- Other names: Microtropia, microstrabismus
- Specialty: Ophthalmology Optometry

= Monofixation syndrome =

Small deviations of eye alignment in binocular vision

Monofixation syndrome (MFS) (also: microtropia or microstrabismus) is an eye condition defined by less-than-perfect binocular vision. It is defined by a small angle deviation with suppression of the deviated eye and the presence of binocular peripheral fusion. That is, MFS implies peripheral fusion without central fusion.

Aside the manifest small-angle deviation ("tropia"), subjects with MFS often also have a large-angle latent deviation ("phoria"). Their stereoacuity is often in the range of 3000 to 70 arcseconds, and a small central suppression scotoma of 2 to 5 deg.

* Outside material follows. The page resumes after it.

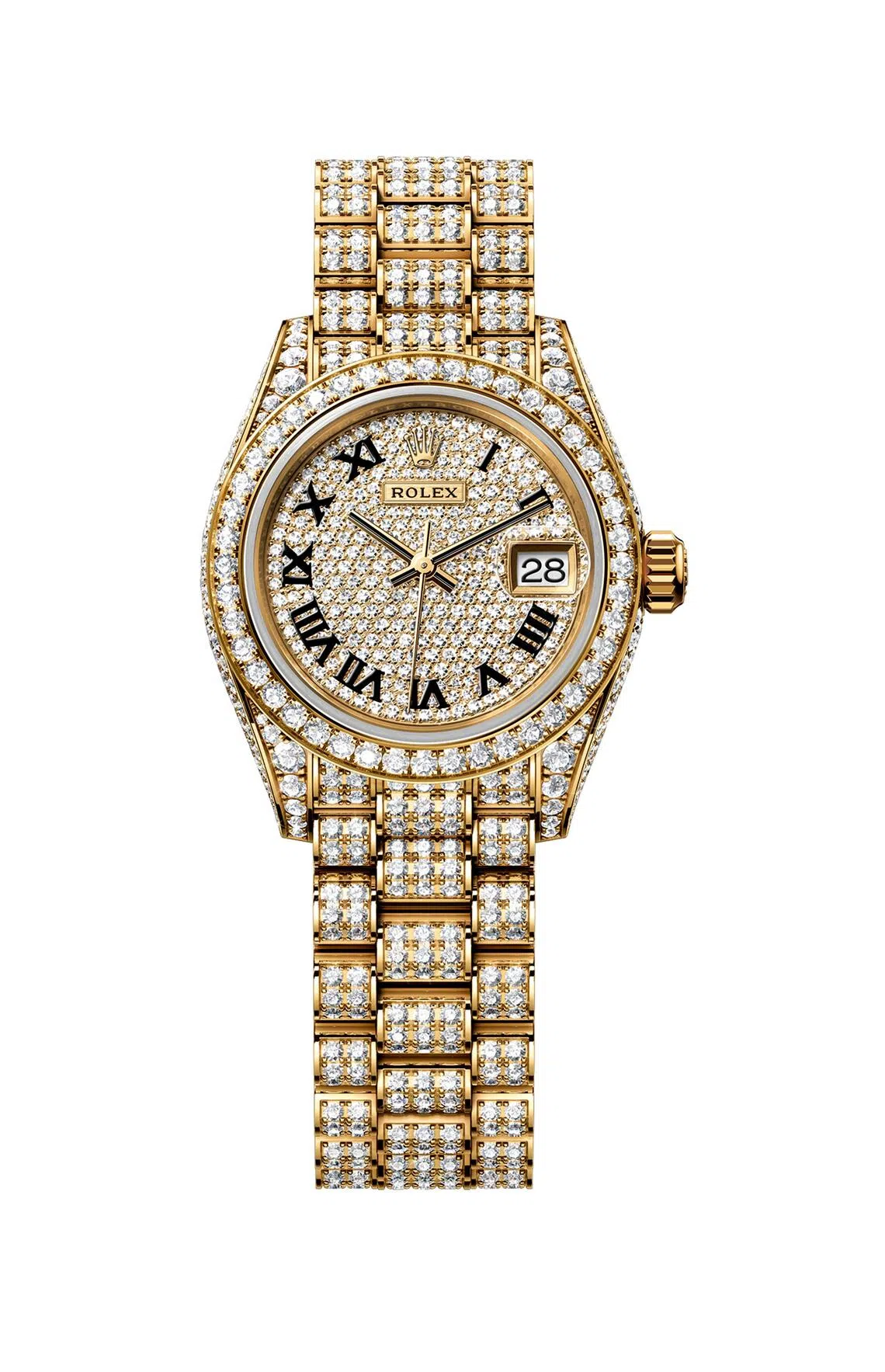 Paved with diamonds from the dial to the bracelet, this petite 18-ct yellow gold watch has 596 brilliant-cut gemstones on its three-piece link President bracelet, which is also in yellow gold.

A rare condition, MFS is estimated to affect only 1% of the general population. There are three distinguishable forms of this condition: primary constant, primary decompensating and consecutive MFS. It is believed that primary MFS is a result of a primary sensorial defect, predisposing to anomalous retinal correspondence.

Secondary MFS is a frequent outcome of surgical treatment of congenital esotropia. A study of 1981 showed MFS to result in the vast majority of cases if surgical alignment is reached before the age of 24 months and only in a minority of cases if it is reached later.

MFS was first described by Marshall Parks.